5. An AAV according to claim 1, wherein the first nucleic acid encoding RdCVF is under the control of an ubiquitous promoter, preferably the CMV/CBA promoter.

6. An AAV according to claim 1, wherein the second nucleic acid encoding RdCVFL is under the control of the cone-opsin promoter.

7. An AAV according to claim 1, wherein the AAV has a nucleic acid sequence as set forth in the group consisting of SEQ ID NO: 6, SEQ ID NO: 7, SEQ ID NO: 8, SEQ ID NO: 9, and SEQ ID NO:14.

8. An AAV according to claim 1, wherein the AAV has a nucleic acid sequence as set forth in SEQ ID NO: 6.

9. An AAV according to claim 1 wherein the first nucleic acid comprises a codon-optimized cDNA encoding RdCVF as set forth in SED IQ NO: 12, and wherein the second nucleic acid comprises a codon-optimized cDNA encoding RdCVFL as set forth in SED IQ NO: 13.

10. An AAV according to claim 1, wherein the AAV further comprises a stuffer sequence of SEQ ID NO:10.

11. Method of treatment of a retinal neurodegenerative disorder comprising the administration of an AAV according to claim 1 to a patient in need.

12. Method according to claim 11, wherein said retinal neurodegenerative disorder is chosen in the group consisting of: retinitis pigmentosa, age-related macular degeneration, Bardet-Biedel syndrome, Bassen-Komzweig syndrome, Best disease, choroidema, gyrate atrophy, Leber congenital amaurosis, Refsum disease, Stargardt disease or Usher syndrome.

13. Method according to claim 11, wherein said retinal neurodegenerative disorder is retinitis pigmentosa.

14. Method according to claim 11, wherein said AAV is administered by sub-retinal injection.

15. Method for treating a patient suffering from a retinal degenerative disease comprising the step consisting of administering to said patient a therapeutically effective amount of an adeno-associated vector (AAV) comprising: a first expression cassette comprising a first nucleic acid encoding RdCVF and a second expression cassette comprising a second nucleic acid encoding RdCVFL, wherein said first and second expression cassettes display less than 200 contiguous identical nucleotides.

16. Method according to claim 15, wherein said retinal neurodegenerative disorder is chosen in the group consisting of: retinitis pigmentosa, age-related macular degeneration, Bardet-Biedel syndrome, Bassen-Komzweig syndrome, Best disease, choroidema, gyrate atrophy, Leber congenital amaurosis, Refsum disease, Stargardt disease or Usher syndrome.

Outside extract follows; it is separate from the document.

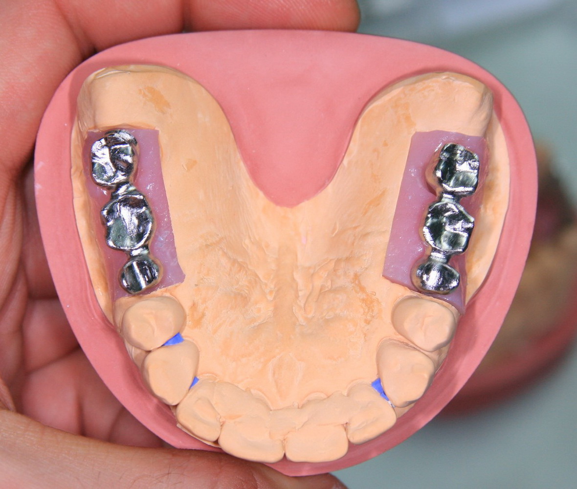 А вот свежеизготовленные протезы перед фиксацией в полости рта:

17. Method according to claim 15, wherein said retinal neurodegenerative disorder is retinitis pigmentosa.

18. Method according to claim 15, wherein said AAV is administered by sub-retinal injection.

19. A pharmaceutical composition comprising an AAV according to claim 1 and a pharmaceutically acceptable carrier.

20. An AAV comprising a nucleic acid having the sequence set forth in SEQ ID NO:10, wherein said nucleic acid having the sequence as set forth in SEQ ID NO:10 is not present in an expression cassette.

Description

FIGURES LEGENDS

FIGS. 1A-D: Schematic Representation of Preferred Constructs According to the Invention

[0096] FIG. 1A represents the construct CT35, a comparative example (thus not a construct according to the present invention) disclosed in WO2016/185037. FIGS. 1B, IC and 1D respectively represent constructs 3 (C03), 6 (C06) and 11 (C11) according to the invention.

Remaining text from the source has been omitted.